Veganism: why settle for anything less?

“Meat reduction goes mainstream” runs the headline of an article in the Summer 2015 issue of Farm Animal Voice, the magazine for supporters of Compassion in World Farming. The article claims that “the need to eat less meat … is at last taking root, as the growing popularity of ‘flexitarian’ (also known as ‘demitarian’ or ‘part-time vegetarian’) diets so powerfully attests”, citing initiatives such as Meat-Free Mondays, the Jamie Oliver-backed Meat Free Week and Friends of the Earth’s Meat Free May as examples of how the meat reduction message is getting across. Even the UK government’s Global Food Security Programme report is cited as advocating a reduction in meat intake. So far so good: I’m all for campaigns that will reduce the number of animals that are slaughtered for food.

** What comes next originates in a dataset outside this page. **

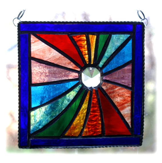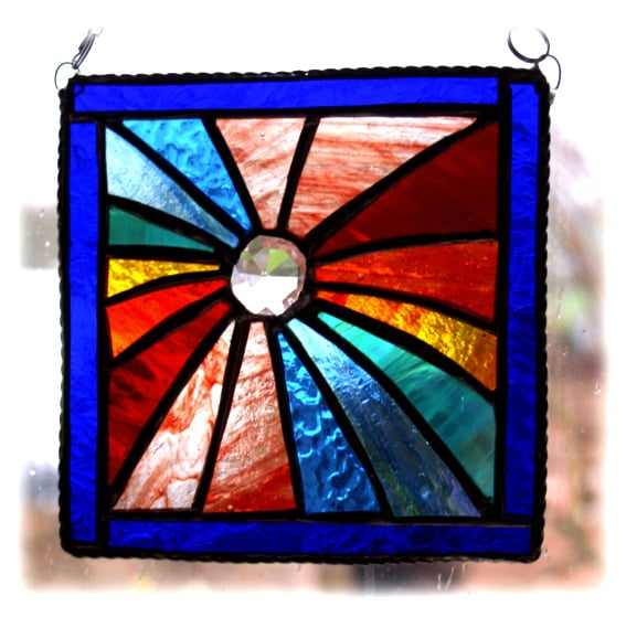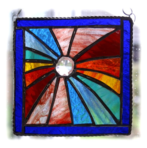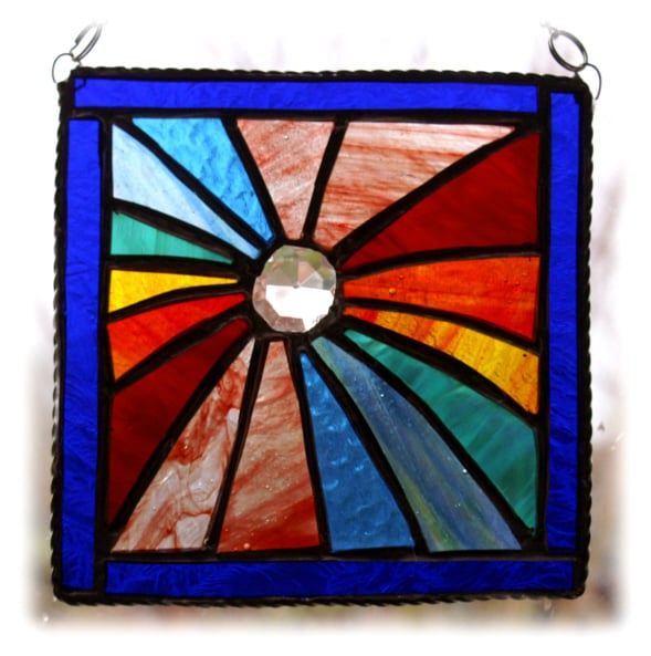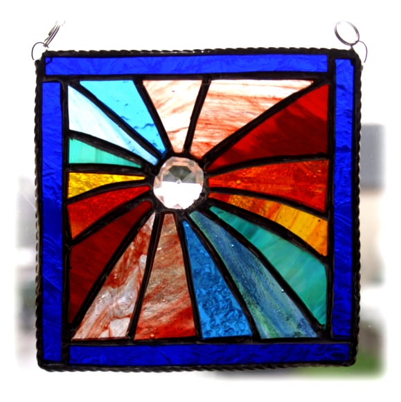 This is a stained glass suncatcher made using the Tiffany copper foil technique.

However, the article then goes on to promote the ‘flexitarian’ diet as an end in itself, declaring that “unlike all-or-nothing diets that require rigorous discipline, flexitarian eating is eminently realistic and achievable for many more people”, reminding the reader that “most people do eat meat or fish on a regular basis”. The problem I have with this is simple: if eating less meat is better for animal welfare, the environment, world hunger and so on, doesn’t it follow that eating no meat at all is the best option? An example of this was found in a study of climate change-inducing greenhouse gas (GHG) emissions of people following a range of diets in the UK. In the study (Scarborough et al, Climatic Change 2014, DOI 10.1007/s10584-014-1169-1), the dietary GHG emissions of meat-eaters, fish-eaters (who ate fish but not meat), vegetarians and vegans were estimated from food frequency questionnaires completed by the participants. The meat-eaters were further subdivided into ‘high’ (at least 100 grams of meat per day, typical of that consumed by most people in the UK), medium (50-99 g/d) and low (<50 g/d) meat categories. After correcting for differences in age and gender between the diet groups and standardising to a 2000 kcal diet, average dietary GHG emissions across the 6 diet groups in kilograms of carbon dioxide equivalents (kgCO2e) per day were 7.19 in high meat-eaters, 5.63 in medium meat-eaters, 4.67 in low meat-eaters, 3.91 in fish-eaters, 3.81 in vegetarians and 2.89 in vegans. Thus, the low meat-eaters did better than the medium meat-eaters, who in turn did better than the high meat-eaters. However, the groups who did not eat meat did even better! Overall, dietary GHG emissions among the meat-eaters were approximately twice as high as among the vegans. This is not to say that a vegan diet is necessarily 'optimal' in environmental terms, but it does show that a 'flexitarian' diet (which to my mind means eating whatever you like whenever you like!) is, at best, an unsatisfactory compromise. A vegan diet does not require 'rigorous discipline' and is 'realistic and achievable' for many people, so why settle for anything less?